It was my parents who first found Stockport Museum, then called the Story Museum. Every few weeks they travel the 200+ miles between their home and ours and take our children out for the afternoon. They usually stay local and on one of their outings, they came across Stockport Museum. That was several years ago now and we have since enjoyed many trips to this local gem.
Stockport Museum is in the heart of the town adjacent to the historic marketplace. It showcases a comprehensive history of life in Stockport, from Palaeolithic times to the present day. The museum shares an entrance with Staircase House, Stockport’s oldest townhouse, which contains a fantastic journey through a 15th-century Stopfordian household (a blog post on the latter is in the works!).
Here are some of our favourite things about Stockport Museum.
The family gallery
The museum underwent a renovation a few years ago and added a family gallery. This dedicated area on the fourth floor contains toys, drawing materials, storybooks, dressing-up costumes, a fantastic pretend shopfront, cushions for reclining on, a shadow theatre, and even strange small animal skeletons (what children’s area would be complete without them?).
We usually head straight for the gallery when we visit so that the children can roam freely while we parents sit on the little stools and chat. My children’s current favourite activities here are the Lowry magnetic picture, the mini shopping trolley, and the surprisingly realistic dog/bear costume.
Giant dice with photos of some of the exhibited objects encourage visitors to explore the gallery to locate the item. There are changing displays of construction toys like K’Nex for children to play with – it’s fun to play in such an interesting setting!

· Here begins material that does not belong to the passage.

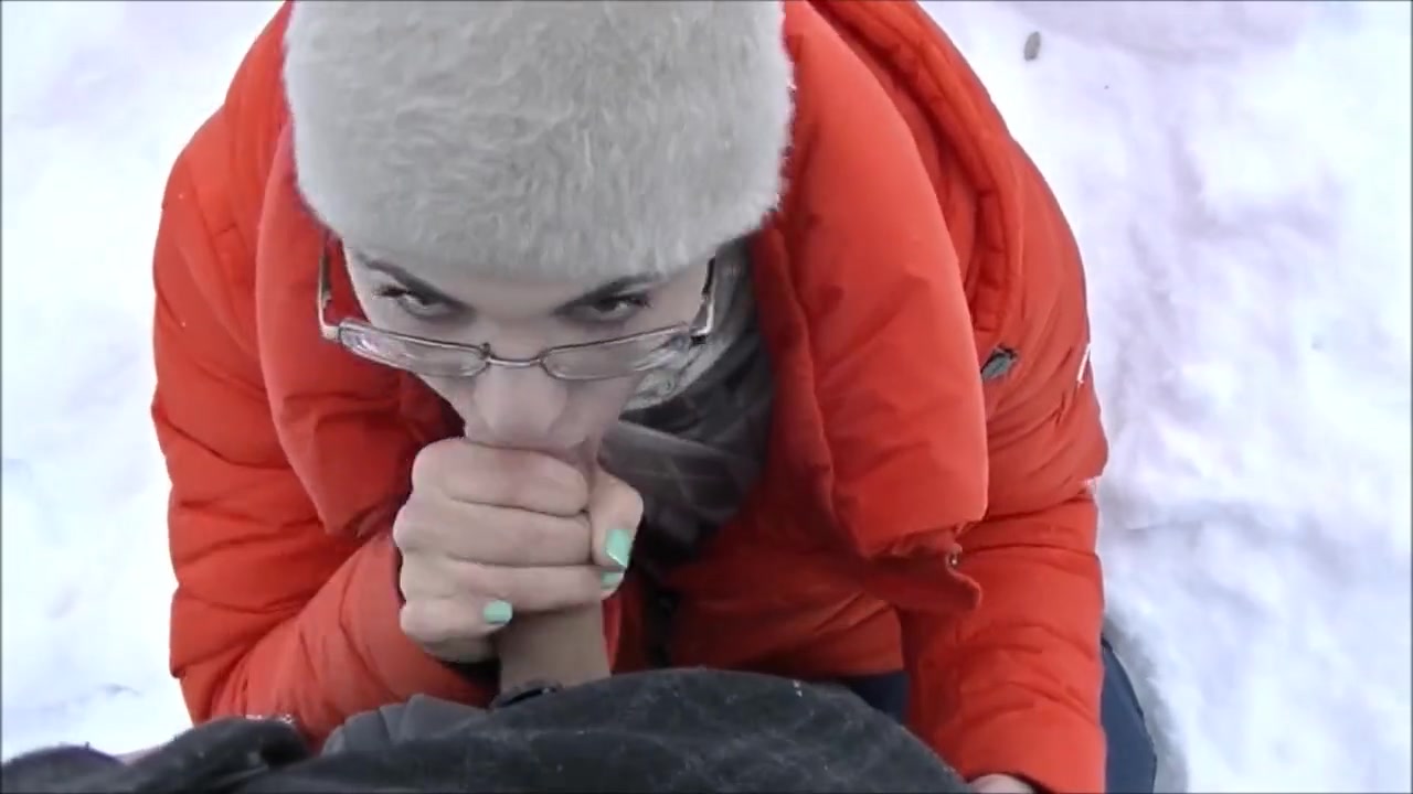 Очкастая красотка со своим бойфрендом зимой решила выбраться на природу и влюбленная парочка отправилась в красивый заснеженный лес. Впечатлительная телка так сильно завелась, что не побоявшись мороза, предложила сделать другу прямо на улице домашний минет от первого лица. Присев на корточки, заведенная куколка достала пистон чувака и круто отсосала, сумев довести партнера до семяизвержения.

Eldest shows his K’Nex creation
The first gallery visitors come to focuses on Paleolithic life and includes lots of archaeological finds. Perhaps the most fascinating of these are two skeletons from the prehistoric age, which I believe were found in Mellor. They are in remarkably good condition and are incredibly interesting to look at. During one school holiday, we listened to a local archaeologist talk about how much they could tell about the couple just from their skeletons. The children were enthralled, and so was I!
Focus on families
Stockport Museum’s design has a lot to appeal to younger visitors. There is a space to sit and rest or snack on the third floor (next to the main entrance), which also houses art and craft activities during school holidays. The staff are friendly and helpful, often stopping to engage with visitors. Children love the many interactive exhibits and can find toys, games, and colouring sheets in most galleries.
We have been taking our children to the museum since they were three and zero, and four years later they still discover something new each time we visit.
The museum shop by the entrance is a treasure trove for kids. It’s full of pocket money toys, local history books and gifts. Stockport Museum is free to visit, so I am usually willing to part with £1.50 so each of our children can choose something to take home. Perusing the displays is most of the fun, as they are packed with brightly-coloured small bits and bobs. We’ve had bouncy balls, foam gliders, marbles, magnets, and more!